Problem to work on: Skip the pictures. Return exactly the lines from the one containing "при влажно време." through the end of the entries below.
#### The data
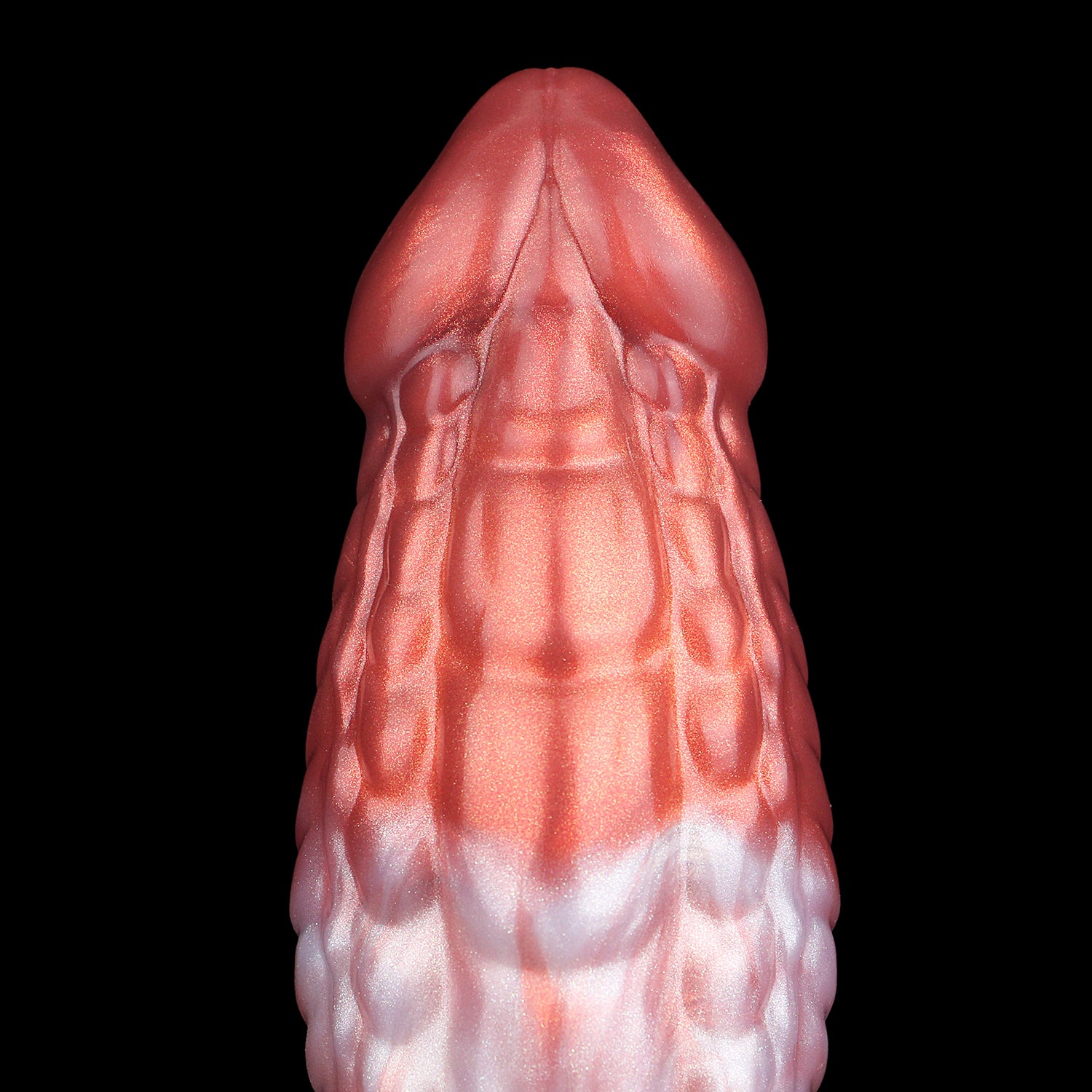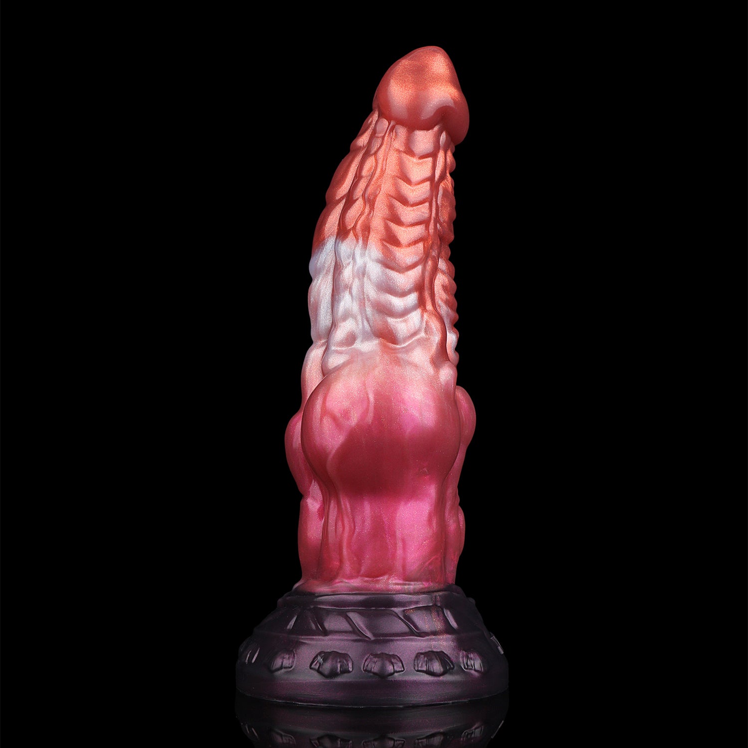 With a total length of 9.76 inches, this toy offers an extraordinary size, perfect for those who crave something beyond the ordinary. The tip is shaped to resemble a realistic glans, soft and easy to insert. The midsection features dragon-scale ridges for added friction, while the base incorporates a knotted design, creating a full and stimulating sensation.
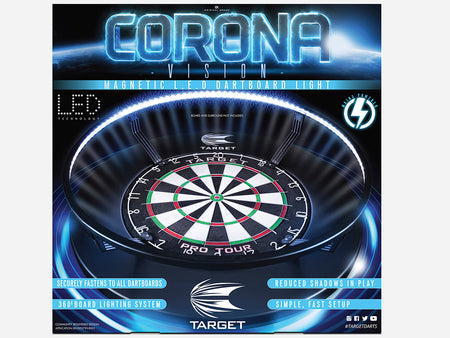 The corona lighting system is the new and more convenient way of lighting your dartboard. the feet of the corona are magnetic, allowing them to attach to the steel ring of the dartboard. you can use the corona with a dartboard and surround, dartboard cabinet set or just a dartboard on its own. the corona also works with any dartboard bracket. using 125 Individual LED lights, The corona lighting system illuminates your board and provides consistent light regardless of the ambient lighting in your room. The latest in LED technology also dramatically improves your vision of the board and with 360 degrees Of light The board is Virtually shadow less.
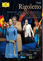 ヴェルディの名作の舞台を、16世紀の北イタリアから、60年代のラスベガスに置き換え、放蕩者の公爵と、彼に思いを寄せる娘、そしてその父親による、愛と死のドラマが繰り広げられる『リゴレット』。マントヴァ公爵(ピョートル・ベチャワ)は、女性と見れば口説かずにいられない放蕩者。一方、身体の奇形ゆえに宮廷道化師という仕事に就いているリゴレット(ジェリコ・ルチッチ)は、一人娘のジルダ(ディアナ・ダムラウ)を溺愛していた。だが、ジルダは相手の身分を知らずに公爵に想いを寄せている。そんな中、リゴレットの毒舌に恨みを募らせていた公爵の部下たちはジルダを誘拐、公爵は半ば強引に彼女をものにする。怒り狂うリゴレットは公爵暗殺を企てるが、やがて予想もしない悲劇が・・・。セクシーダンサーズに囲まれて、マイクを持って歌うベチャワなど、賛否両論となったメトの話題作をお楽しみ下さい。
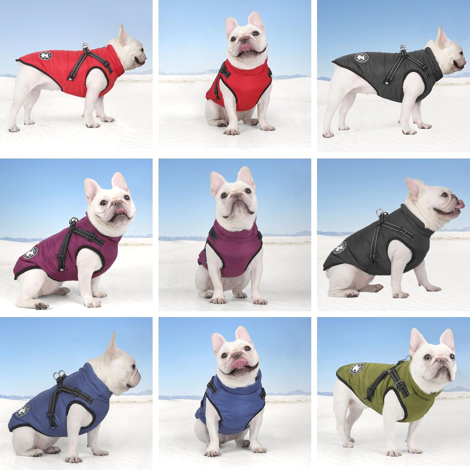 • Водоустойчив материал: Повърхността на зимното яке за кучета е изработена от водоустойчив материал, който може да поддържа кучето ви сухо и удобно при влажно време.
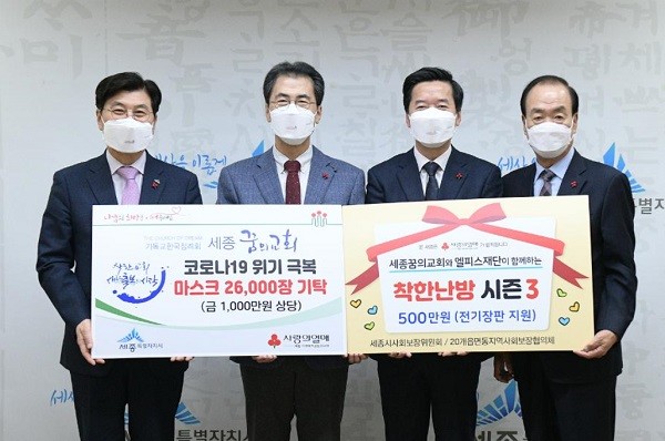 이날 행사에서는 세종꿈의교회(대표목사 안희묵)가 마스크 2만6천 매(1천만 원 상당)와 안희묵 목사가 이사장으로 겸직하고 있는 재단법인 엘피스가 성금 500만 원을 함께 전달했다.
########
Exercise solution:
 • Водоустойчив материал: Повърхността на зимното яке за кучета е изработена от водоустойчив материал, който може да поддържа кучето ви сухо и удобно при влажно време.
 이날 행사에서는 세종꿈의교회(대표목사 안희묵)가 마스크 2만6천 매(1천만 원 상당)와 안희묵 목사가 이사장으로 겸직하고 있는 재단법인 엘피스가 성금 500만 원을 함께 전달했다.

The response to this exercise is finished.